Panitumumab (Vectibix) is a fully humanized MoAb that has been developed against EGFR. Panitumumab binds to EGFR1 with higher affinity than cetuximab. A randomized phase III study demonstrated that patients with refractory EGFR-expressing metastatic colorectal cancer treated with panitumumab plus best supportive care had a better PFS compared to patients who received best supportive care alone. The patients who benefit from the treatment were those with tumors that did not contain KRAS mutations. Therefore, panitumumab was approved by the FDA as monotherapy for chemotherapy-refractory EGFR-expressing metastatic colon cancer. Other diseases with promising results using panitumumab include NSCLC and renal cancer. Common adverse effects include rash, peripheral edema, fatigue, and diarrhea. Serious toxicity, including bronchospasm, has been reported only rarely, and as a consequence does not require premedication for human use.

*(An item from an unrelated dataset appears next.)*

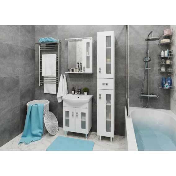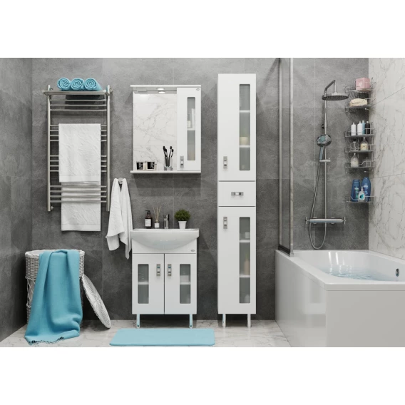 Стильная и красивая напольная тумба Onika Кристалл 55 сможет гармонично вписаться в любой интерьер.Белоснежный глянцевый цвет фасада в сочетании со вставками из матового стекла и хромированными ручками необычной формы придадут ванной комнате ощущение свежести, чистоты и уюта.За распашными дверцами, снабженными системой плавного закрывания и украшенными хромированными ручками, скрывается просторное внутреннее пространство, разделенное горизонтальной полкой: оно служит для размещения необходимых бытовых принадлежностей.Корпус тумбы выполнен из ЛДСП, фасад - из ЛМДФ в пленке, устойчивых к механическим воздействиям, перепадам температур и высокой влажности.Две хромированных ручки и три ножки (2 декоративных хромированных и 1 пластиковая) идут в комплекте с тумбой.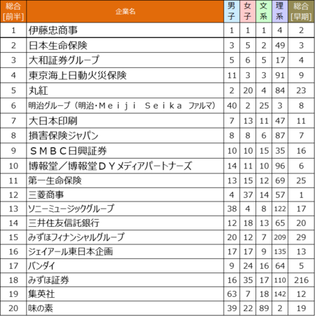 伊藤忠商事が、21卒前半・22卒前半に続き、3年連続の総合TOPとなりました。区分別では、文系・女子で3年連続のTOPとなりました。さらに、男子に至っては4年連続のTOPとなっており、男子を中心にその人気を盤石なものにしつつあります。

Other anti-EGFR MoAbs currently being evaluated in phase II trials include the following:
Matuzumab is a humanized anti-EGFR IgG1 MoAb. The agent has been tested in a phase I trial followed by paclitaxel in EGFR-expressing advanced NSCLC with a partial response achieved in 3 of 18 patients and a complete response reported in 1 treated patient. An ongoing trial is evaluating matuzumab in combination with pemetrexed in advanced NSCLC.
Nimotuzumab is a recombinant humanized IgG1 MoAb against EGFR that is approved for squamous cell carcinoma in head and neck in other countries and has been granted orphan drug status for glioma in the United States. Currently, it is being tested in combination with external radiotherapy in patients with NSCLC.
(2) Her-2-neu (HER2, erbB2)-targeted therapy. HER2 is the second member of the EGFR family. This receptor has the same basic structure as the other family members; however, no conjugate ligand has been identified for HER2. There have been no mutations identified in the HER2 gene in human cancers, yet it is overexpressed in many epithelial cancers including colon, pancreas, genitourinary, and breast cancers. HER2 signals via the phosphoinositide-3 kinase (PI3K)/Akt and mitogen-activated protein (MAP) kinase pathways, and HER2 overexpression leads to inhibition of apoptosis and increase in cell proliferation.
Trastuzumab (Herceptin) was one ofthe first MTTs to be introduced in clinical use. It is a humanized (chimeric) MoAb that binds the HER2. While the mechanism of action of trastuzumab is not entirely clear, it is believed to act through one or more of the following mechanisms: inhibiting the tyrosine kinase signaling of the receptor; activating antibody-dependent cellular cytotoxicity; induction of apoptosis; inducing G1 arrest by modulating the cyclin-dependent kinases; inhibition ofangiogenesis; and enhancing chemotherapy-induced cytotoxicity. The FDA approved trastuzumab in 1998 for use in patients with metastatic breast cancer overexpressing HER2 protein. In a large, multicenter phase III study in patients with metastatic breast cancer overexpressing HER2, it was demonstrated that trastuzumab, when used as first-line therapy in combination with chemotherapy (with either the combination of anthracyclines and cyclophosphamide or paclitaxel as a single agent), can significantly increase both the duration of response and the OS. Trastuzumab is currently used in three settings for patients with breast cancers overexpressing HER2: as a first-line therapy in combination with paclitaxel; as a second-line monotherapy in patients who have received at least one prior chemotherapy regimen; or in an adjuvant setting. Common adverse effects are asthenia, rash, and diarrhea. Serious side effects are ventricular dysrhythmia, cardiomyopathy, and thromboembolism.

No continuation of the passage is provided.